*Brief*
The whole listing that follows is to be restated word for word, images excluded.

*Source material*

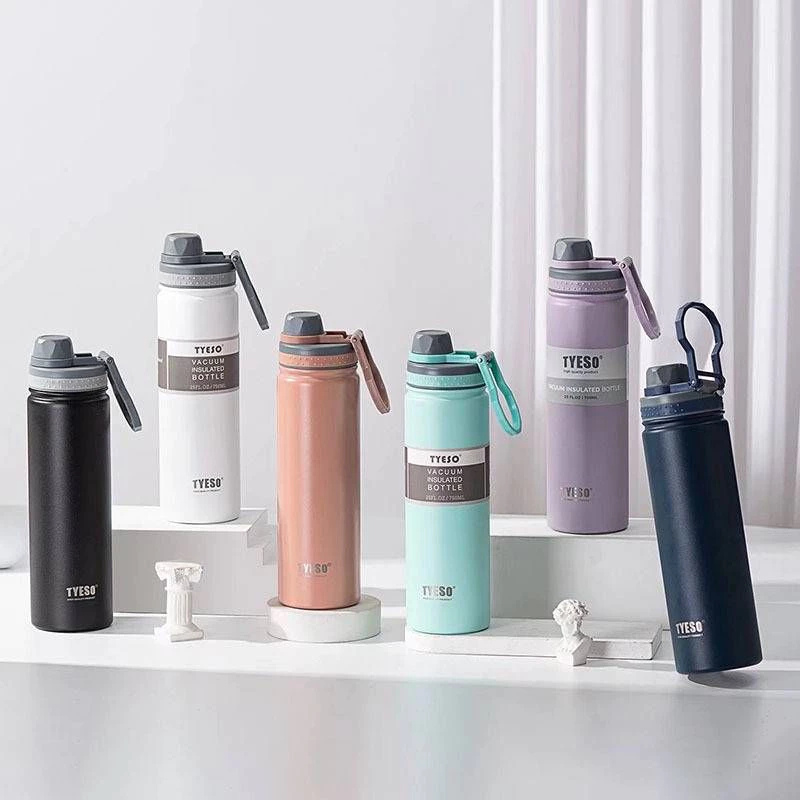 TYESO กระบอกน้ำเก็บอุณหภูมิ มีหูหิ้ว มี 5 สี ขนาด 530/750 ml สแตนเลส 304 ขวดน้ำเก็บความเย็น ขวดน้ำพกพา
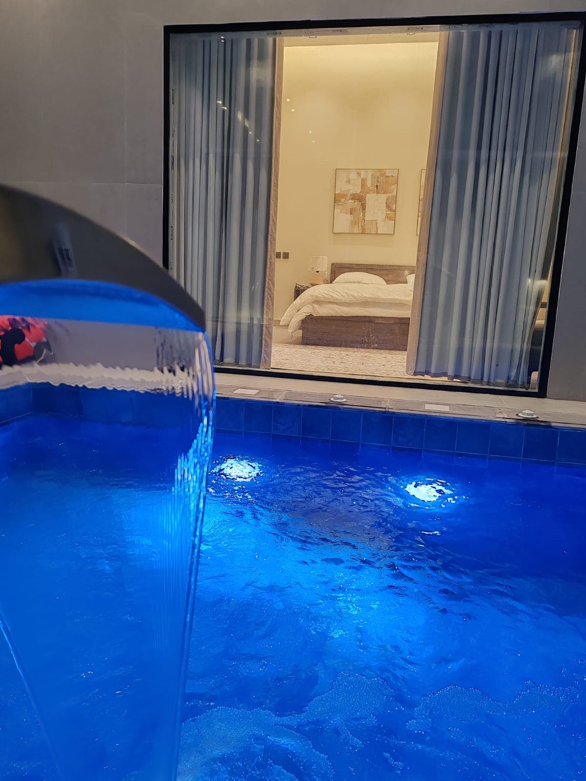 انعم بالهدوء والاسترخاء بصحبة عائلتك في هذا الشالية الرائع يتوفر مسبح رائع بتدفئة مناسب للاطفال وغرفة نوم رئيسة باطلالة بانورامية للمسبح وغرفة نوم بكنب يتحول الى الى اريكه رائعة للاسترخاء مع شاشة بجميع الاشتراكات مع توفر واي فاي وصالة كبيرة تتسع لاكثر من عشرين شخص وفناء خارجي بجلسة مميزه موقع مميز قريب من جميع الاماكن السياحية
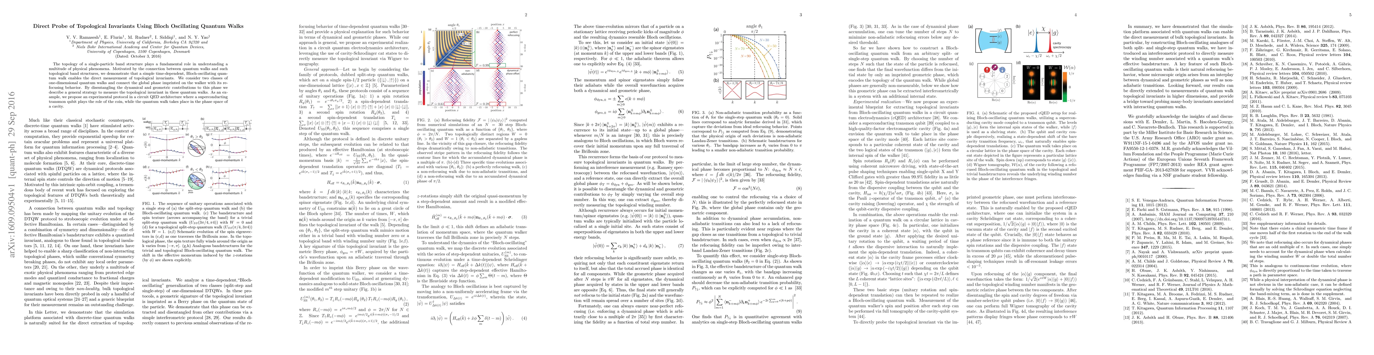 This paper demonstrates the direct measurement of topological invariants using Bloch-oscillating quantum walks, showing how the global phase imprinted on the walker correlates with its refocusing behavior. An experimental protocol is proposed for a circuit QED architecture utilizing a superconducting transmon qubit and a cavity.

*Exercise output*
 TYESO กระบอกน้ำเก็บอุณหภูมิ มีหูหิ้ว มี 5 สี ขนาด 530/750 ml สแตนเลส 304 ขวดน้ำเก็บความเย็น ขวดน้ำพกพา
 انعم بالهدوء والاسترخاء بصحبة عائلتك في هذا الشالية الرائع يتوفر مسبح رائع بتدفئة مناسب للاطفال وغرفة نوم رئيسة باطلالة بانورامية للمسبح وغرفة نوم بكنب يتحول الى الى اريكه رائعة للاسترخاء مع شاشة بجميع الاشتراكات مع توفر واي فاي وصالة كبيرة تتسع لاكثر من عشرين شخص وفناء خارجي بجلسة مميزه موقع مميز قريب من جميع الاماكن السياحية
 This paper demonstrates the direct measurement of topological invariants using Bloch-oscillating quantum walks, showing how the global phase imprinted on the walker correlates with its refocusing behavior. An experimental protocol is proposed for a circuit QED architecture utilizing a superconducting transmon qubit and a cavity.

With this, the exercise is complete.